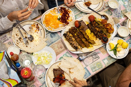 ● مطعم صدف: يمتاز مطعم صدف الإيراني بموقعه في شارع الرقة، ويقدم باقة واسعة من الأطباق الشهيرة مثل الكباب والحلويات الشهية. يُنصح بتجربة: فالودا - وهي حلوى باردة محضّرة من الشعيرية.
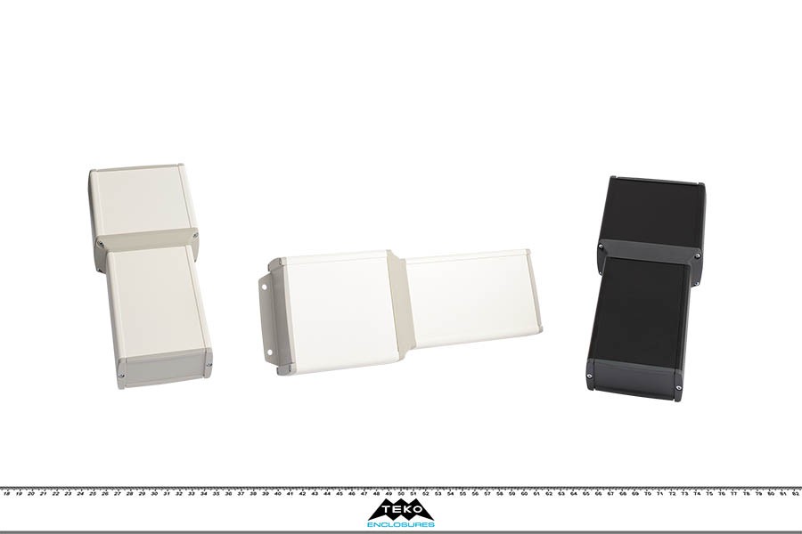 Contenitori in alluminio estruso con verniciatura esterna di elevato standard qualitativo, progettati per strumenti palmari. Alloggiamenti per tastiere a membrana. All’interno sono presenti guide per PCB. I modelli contrassegnati con “-B” sono dotati di vano porta-batteria per due stilo da 1,5V o una pila da 9V. Chiusura con 12 viti.
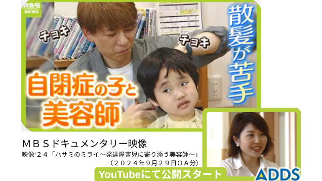 2026-02-05 12:00【メディア出演】MBS映像24『ハサミのミライ~発達障害に寄り添う美容師』YouTube公開スタートMBSによるドキュメンタリー番組「映像’24」で2024年9月29日に放送された弊団体竹内出演の回がこの度YouTubeにて公開スタートしました。======『ハサミのミライ~発達障害に寄り添う美容師』======本編では美容師として活動されている赤松隆滋さんが、応用行動分析(ABA)を用い発達障害のあるお子様にヘアカットを施している様子や、実際のカットに至るまでの取り組みについて紹介しています。=======詳細及びYouTube動画へのリンクは「続きを読む」を押してください↓2026-02-05 12:00【メディア出演】MBS映像24『ハサミのミライ~発達障害に寄り添う美容師』YouTube公開スタートMBSによるドキュメンタリー番組「映像’24」で2024年9月29日に放送された弊団体竹内出演の回がこの度YouTubeにて公開スタートしました。======『ハサミのミライ~発達障害に寄り添う美容師』======本編では美容師として活動されている赤松隆滋さんが、応用行動分析(ABA)を用い発達障害のあるお子様にヘアカットを施している様子や、実際のカットに至るまでの取り組みについて紹介しています。=======詳細及びYouTube動画へのリンクは「続きを読む」を押してください↓
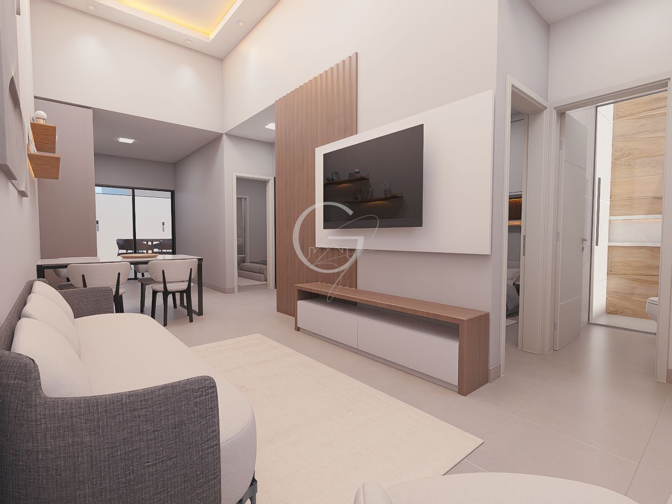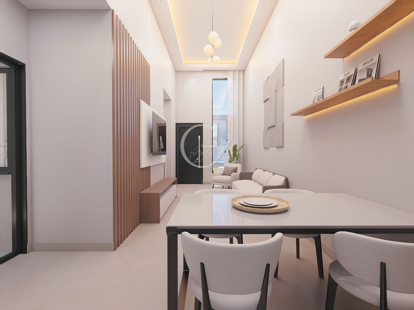 - Sala, copa e cozinha em conceito aberto
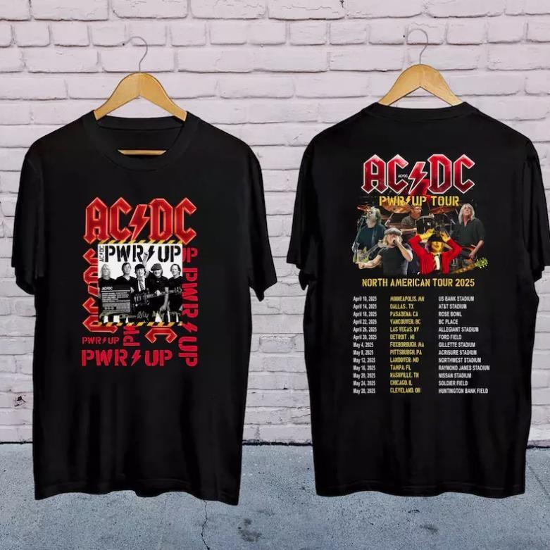 T-shirt Tournée Mondiale 2025 du Groupe ACDC T-shirt Unisexe Concert 2025 Rock Band ACDC Pwr Up cm

==*==

WORK INSTRUCTIONS
The required result is the entries above, printed exactly from the first line through the line with "Contenitori in alluminio", pictures excluded.

RESULT
 ● مطعم صدف: يمتاز مطعم صدف الإيراني بموقعه في شارع الرقة، ويقدم باقة واسعة من الأطباق الشهيرة مثل الكباب والحلويات الشهية. يُنصح بتجربة: فالودا - وهي حلوى باردة محضّرة من الشعيرية.
 Contenitori in alluminio estruso con verniciatura esterna di elevato standard qualitativo, progettati per strumenti palmari. Alloggiamenti per tastiere a membrana. All’interno sono presenti guide per PCB. I modelli contrassegnati con “-B” sono dotati di vano porta-batteria per due stilo da 1,5V o una pila da 9V. Chiusura con 12 viti.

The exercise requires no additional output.